• [Activity]
Whatever appears in the records, retype it exactly, except for the pictures.

── Data ──

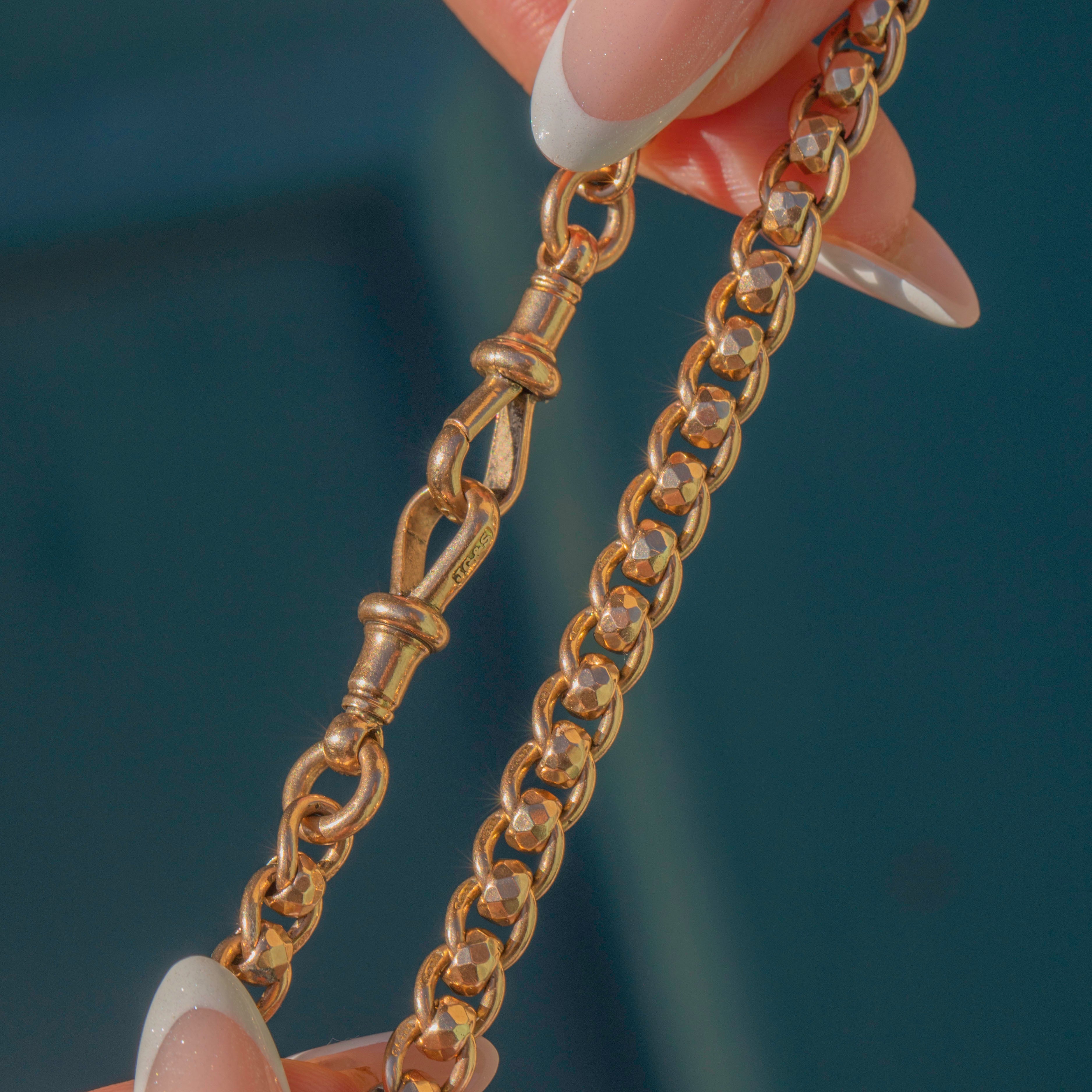 A gorgeous antique 9ct Gold rollerball Albert chain, complete with matching dog-clips. This wonderfully handcrafted Albert chain features faceted rollerball links, two matching dog-clips, a bolt-ring, and a removable travelling T-bar!
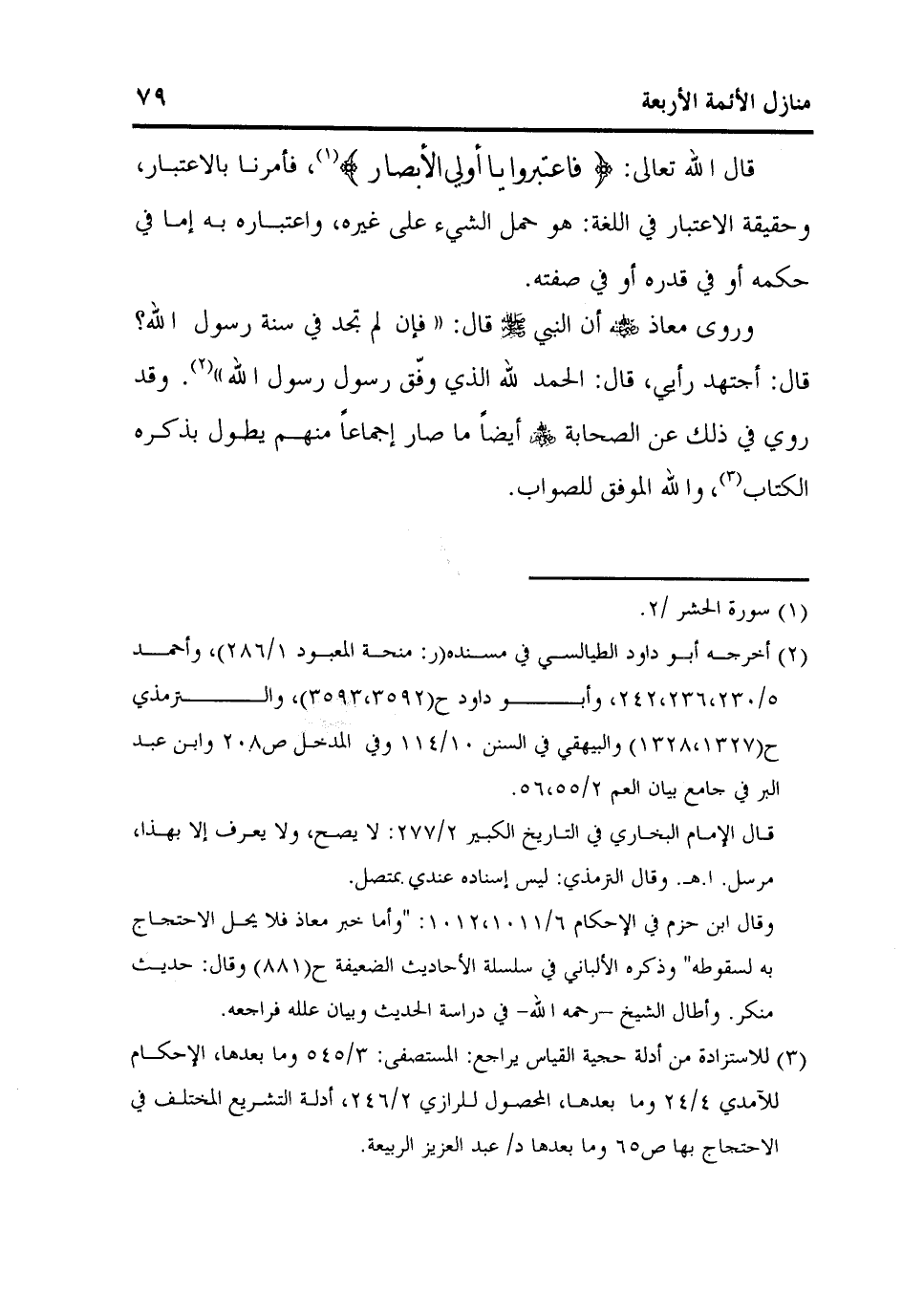 3 للاستزادة من أدلة حجية القياس يراجع: المستصفى: 3/545 وما بعدها، الإحكام للآمدي 4/24 وما بعدها، المحصول للرازي 2/246، أدلة التشريع المختلف في الاحتجاج بها ص65 وما بعدها د/ عبد العزيز الربيعة.
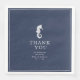 Biet i denna elegant bröllop-svit har en klassisk nautisk stil med ett rent, minimalistiskt utseende. Stilistiskt vågar i skuggor från akvatblått till marinblått och en sjöillustration ger unika accenter. På denna samordnande pappra napkin är den lilla sjövägen i vitt på marinblå bakgrund enkel men öga fångande. Lägg till ditt "Tack"-meddelande, namn och bröllop-datum med hjälp av den angivna mallen. Perfekt för klubb, båt, vid sidan av eller sommardestination. Sök i ID836 för att se denna fullständiga svit och andra med alternativa marina accenter från inslag.
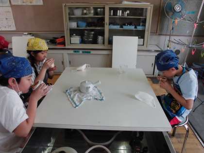 お茶を入れるために,グループで役割を分担しました。やかんやきゅうすを準備したり,ガスコンロを使ったりと意欲をもって学習に取り組みました。自分たちで入れたお茶は,おいしかったようです。おうちでも,だんらんの時に,お茶を入れることができたらいいですね。
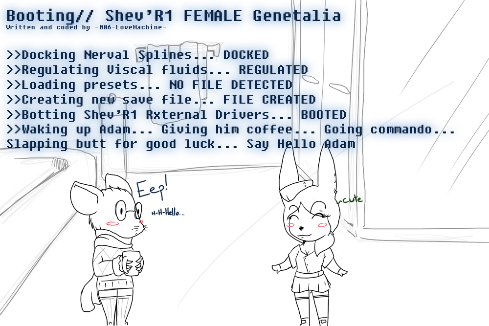 Aalos - (Oh, I just got a idea: What if we switched over to researching the female side of social and sexual interaction rather than male? 006 has already worked the male side of sexual research so much that he's already picked all the low hanging fruit and then some. And also, since the horrible demise of our sister 003 there haven't been female-by-default TG models, so this is a research area that likely hasn't been explored nearly as much. We could work to be the female counterpart to 006, one day designing a female equivalent to the 2ndfall. ...And then pay Love Machine a visit.~)
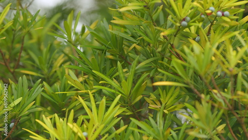 Obraz premium Christmas Tree With Berries. Podocarpus Macrophyllus Berries. Leaves Are Thick And Glossy. Selective focus.
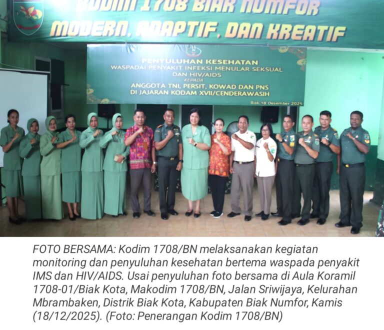 TOP-NEWS.id, BIAK - Kodim 1708/BN melaksanakan kegiatan monitoring dan penyuluhan kesehatan dengan tema waspada penyakit infeksi menular seksual (IMS) dan...
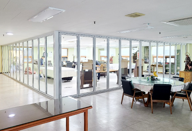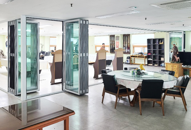 요즘 성당에는 미사뿐만 아니라 여러 공간들을 꾸미곤 합니다. 수원성당에서는 예배가 끝난 후 삼삼 오오 모여 커피 한잔의 여유와 담소를 즐기거나 친목을 위한 공간에 폴딩도어를 설치하였습니다. 평소에는 확장하여 넓은 공간으로 사용하고, 미사가 있는 날에는 폴딩도어를 닫아 독립적인 공간으로 사용합니다.
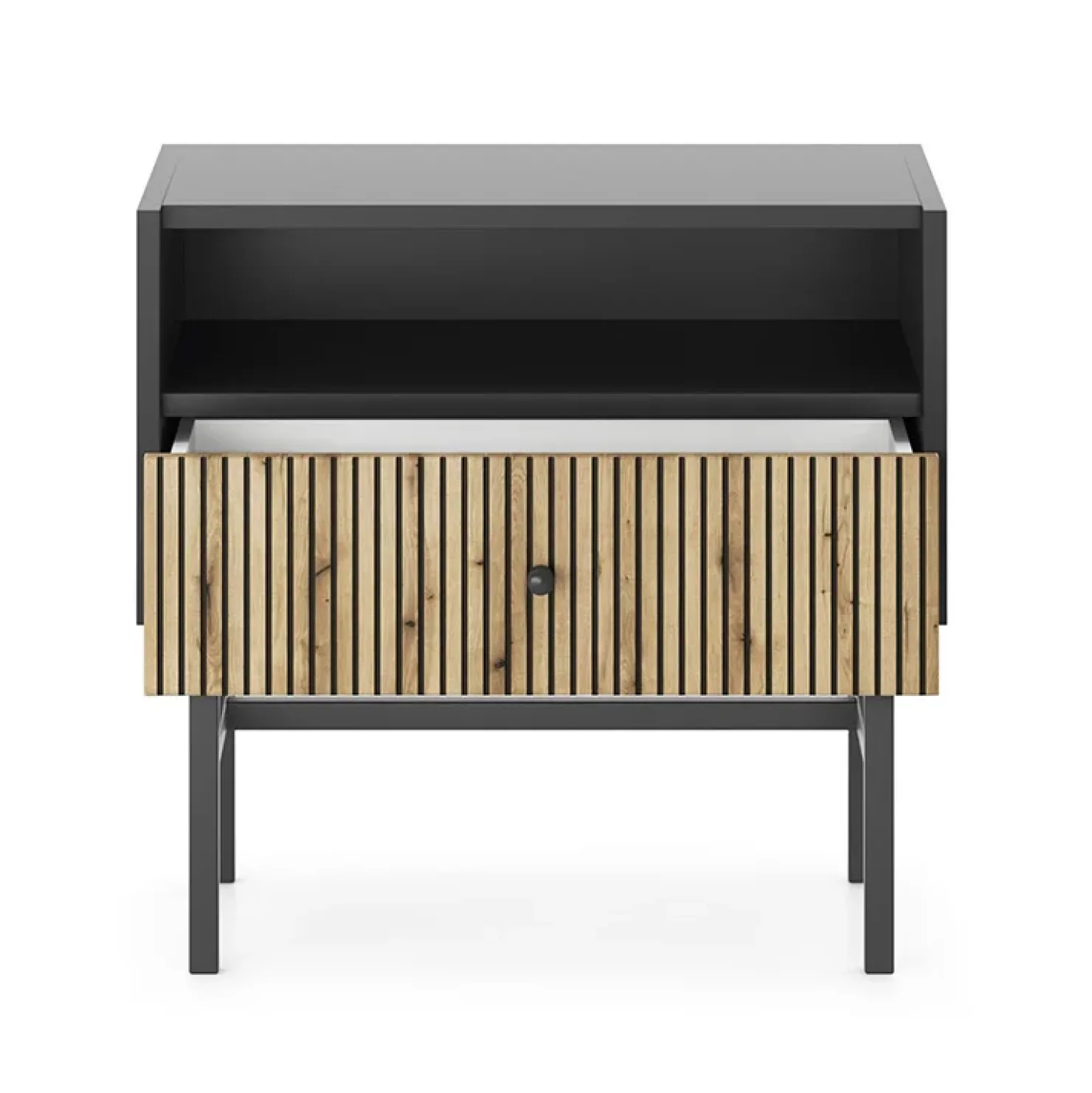 Comodino con 1 cassetto 55x52h cm moderno nero rovere cannettato Iulia
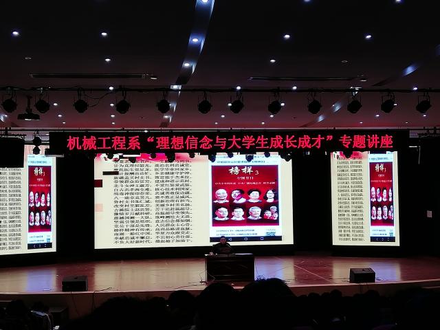 为引导大学生树立崇高的理想信念,坚定“四个自信”,弘扬社会主义核心价值观,促进大学生成长成才,成为中国特色社会主义事业全面发展的合格建设者和可靠接班人。11月20日下午,我院机械系党支部书记胡洪波在学术报告厅做了题为“理想信念与大学生成长成才”的专题讲座。机械系约500名学生聆听了本次讲座。
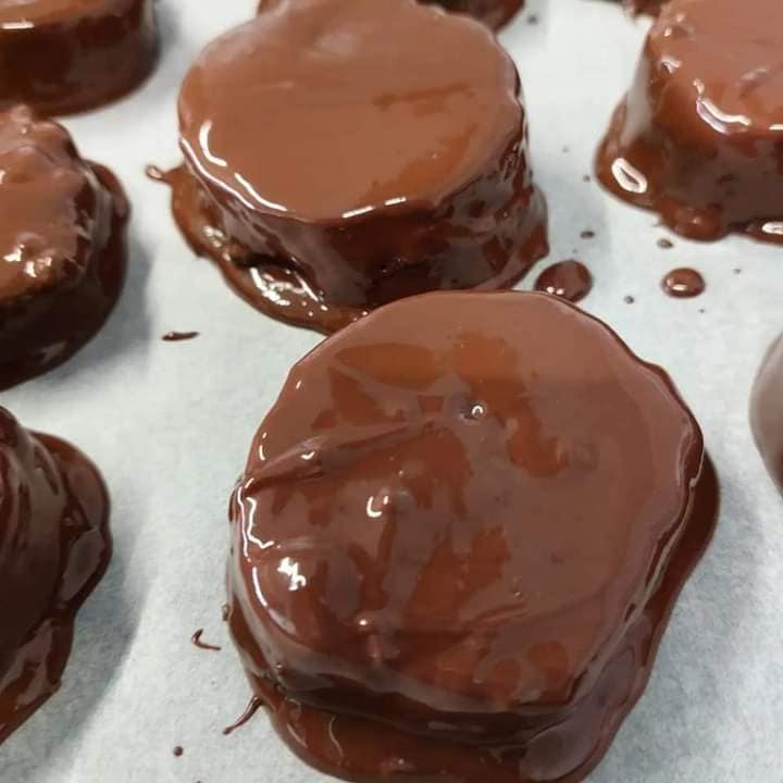 7) Λιώνω σε μπεν μαρί η στα μικροκύματα την κουβερτούρα κι όσο είναι ακόμα πολύ ζέστη βουτάω ένα ένα τα κομμάτια του γλυκού και τα αφήνω έπειτα πάνω στη λαδόκολλα
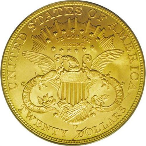 <B>1907-D<$20> MS65 PCGS.</B></I> Second year of D-mint production and the only truly obtainable Denver twenty in Gem condition. Offered here is a silky-smooth, satiny example with delicate lemon-yellow accents.
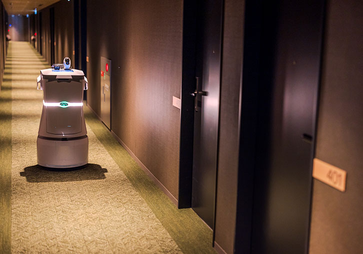 - 로비에서 엘리베이터 승하차는 물론, 고객님의 객실 앞까지 장애물을 피해 가며 모든 경로를 자동으로 이동하는 자율주행형 로봇입니다. 고객님께서 주문하신 물품을 객실까지 정성스럽게 전달해 드립니다.
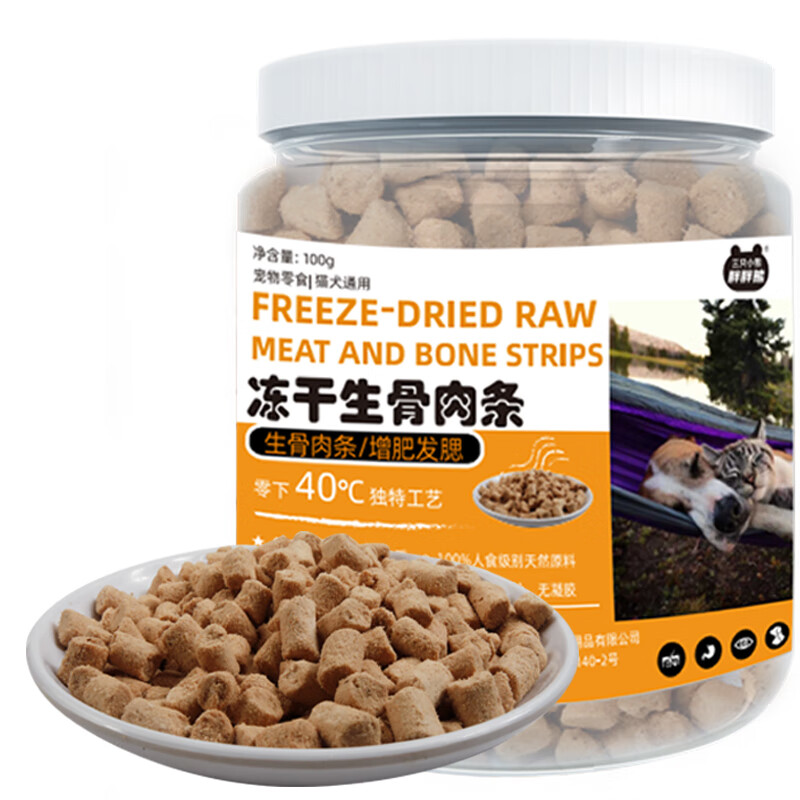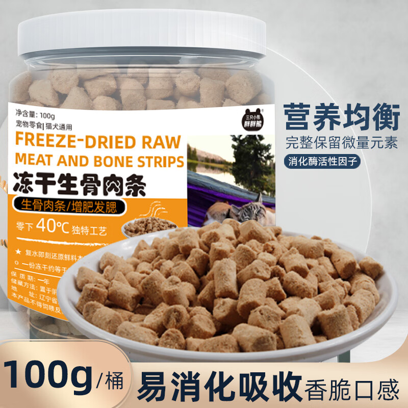 殊福傢三只小熊冻干生骨肉主食小桶装宠物粮猫咪零食营养增腮磨牙成幼猫 甄选冻干生骨肉100克/1桶
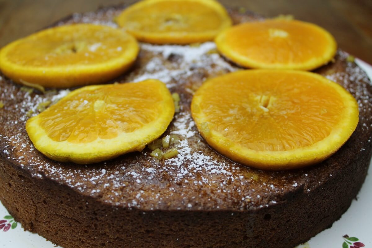 Den braunen Zucker mit 50 ml Wasser aufkochen. Den geschälten und gehackten Ingwer zufügen. Die Orange zum Garnieren in Scheiben schneiden und kurz mitkochen. Den Kuchen damit belegen und mit dem Sirup beträufeln. Mit Staubzucker bestreuen.
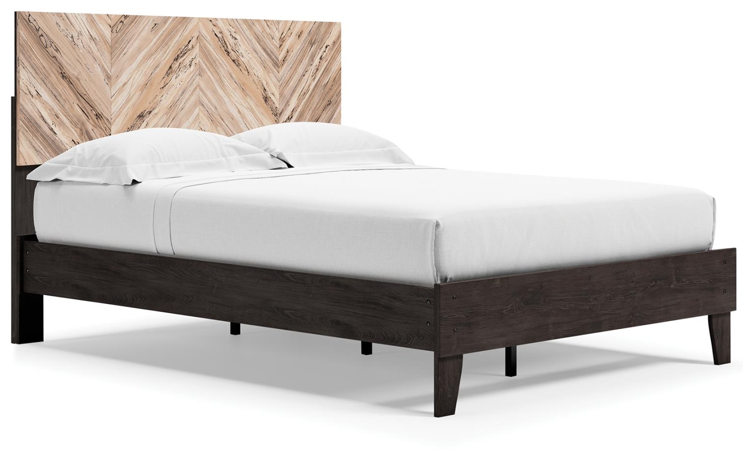 The perfect marriage of simple and contemporary style,,,, this full panel platform bed is a charming addition to your home. It features an expressive two-toned look,,,, with a dark charcoal finish over replicated oak grain with an authentic touch and a replicated sugarberry wood grain. Best of all,,,, this bed includes everything you need—no additional foundation or box spring required.
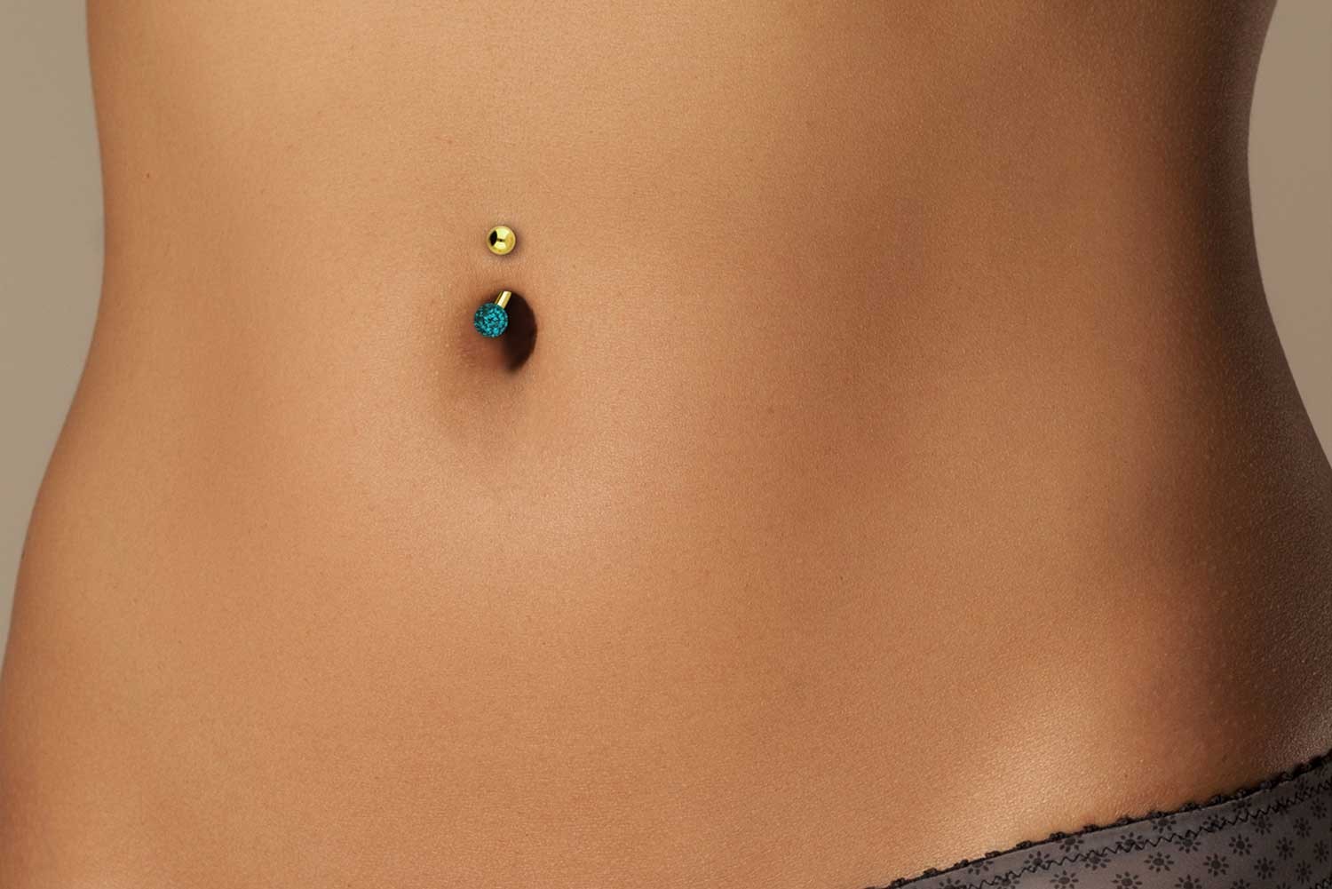 Der Stab und die obere Kugel dieses wunderschönen Bauchnabelpiercings

───

• [Answer section]
 A gorgeous antique 9ct Gold rollerball Albert chain, complete with matching dog-clips. This wonderfully handcrafted Albert chain features faceted rollerball links, two matching dog-clips, a bolt-ring, and a removable travelling T-bar!
 3 للاستزادة من أدلة حجية القياس يراجع: المستصفى: 3/545 وما بعدها، الإحكام للآمدي 4/24 وما بعدها، المحصول للرازي 2/246، أدلة التشريع المختلف في الاحتجاج بها ص65 وما بعدها د/ عبد العزيز الربيعة.
 Biet i denna elegant bröllop-svit har en klassisk nautisk stil med ett rent, minimalistiskt utseende. Stilistiskt vågar i skuggor från akvatblått till marinblått och en sjöillustration ger unika accenter. På denna samordnande pappra napkin är den lilla sjövägen i vitt på marinblå bakgrund enkel men öga fångande. Lägg till ditt "Tack"-meddelande, namn och bröllop-datum med hjälp av den angivna mallen. Perfekt för klubb, båt, vid sidan av eller sommardestination. Sök i ID836 för att se denna fullständiga svit och andra med alternativa marina accenter från inslag.
 お茶を入れるために,グループで役割を分担しました。やかんやきゅうすを準備したり,ガスコンロを使ったりと意欲をもって学習に取り組みました。自分たちで入れたお茶は,おいしかったようです。おうちでも,だんらんの時に,お茶を入れることができたらいいですね。
 Aalos - (Oh, I just got a idea: What if we switched over to researching the female side of social and sexual interaction rather than male? 006 has already worked the male side of sexual research so much that he's already picked all the low hanging fruit and then some. And also, since the horrible demise of our sister 003 there haven't been female-by-default TG models, so this is a research area that likely hasn't been explored nearly as much. We could work to be the female counterpart to 006, one day designing a female equivalent to the 2ndfall. ...And then pay Love Machine a visit.~)
 Obraz premium Christmas Tree With Berries. Podocarpus Macrophyllus Berries. Leaves Are Thick And Glossy. Selective focus.
 TOP-NEWS.id, BIAK - Kodim 1708/BN melaksanakan kegiatan monitoring dan penyuluhan kesehatan dengan tema waspada penyakit infeksi menular seksual (IMS) dan...
 요즘 성당에는 미사뿐만 아니라 여러 공간들을 꾸미곤 합니다. 수원성당에서는 예배가 끝난 후 삼삼 오오 모여 커피 한잔의 여유와 담소를 즐기거나 친목을 위한 공간에 폴딩도어를 설치하였습니다. 평소에는 확장하여 넓은 공간으로 사용하고, 미사가 있는 날에는 폴딩도어를 닫아 독립적인 공간으로 사용합니다.
 Comodino con 1 cassetto 55x52h cm moderno nero rovere cannettato Iulia
 为引导大学生树立崇高的理想信念,坚定“四个自信”,弘扬社会主义核心价值观,促进大学生成长成才,成为中国特色社会主义事业全面发展的合格建设者和可靠接班人。11月20日下午,我院机械系党支部书记胡洪波在学术报告厅做了题为“理想信念与大学生成长成才”的专题讲座。机械系约500名学生聆听了本次讲座。
 7) Λιώνω σε μπεν μαρί η στα μικροκύματα την κουβερτούρα κι όσο είναι ακόμα πολύ ζέστη βουτάω ένα ένα τα κομμάτια του γλυκού και τα αφήνω έπειτα πάνω στη λαδόκολλα
 <B>1907-D<$20> MS65 PCGS.</B></I> Second year of D-mint production and the only truly obtainable Denver twenty in Gem condition. Offered here is a silky-smooth, satiny example with delicate lemon-yellow accents.
 - 로비에서 엘리베이터 승하차는 물론, 고객님의 객실 앞까지 장애물을 피해 가며 모든 경로를 자동으로 이동하는 자율주행형 로봇입니다. 고객님께서 주문하신 물품을 객실까지 정성스럽게 전달해 드립니다.
 殊福傢三只小熊冻干生骨肉主食小桶装宠物粮猫咪零食营养增腮磨牙成幼猫 甄选冻干生骨肉100克/1桶
 Den braunen Zucker mit 50 ml Wasser aufkochen. Den geschälten und gehackten Ingwer zufügen. Die Orange zum Garnieren in Scheiben schneiden und kurz mitkochen. Den Kuchen damit belegen und mit dem Sirup beträufeln. Mit Staubzucker bestreuen.
 The perfect marriage of simple and contemporary style,,,, this full panel platform bed is a charming addition to your home. It features an expressive two-toned look,,,, with a dark charcoal finish over replicated oak grain with an authentic touch and a replicated sugarberry wood grain. Best of all,,,, this bed includes everything you need—no additional foundation or box spring required.
 Der Stab und die obere Kugel dieses wunderschönen Bauchnabelpiercings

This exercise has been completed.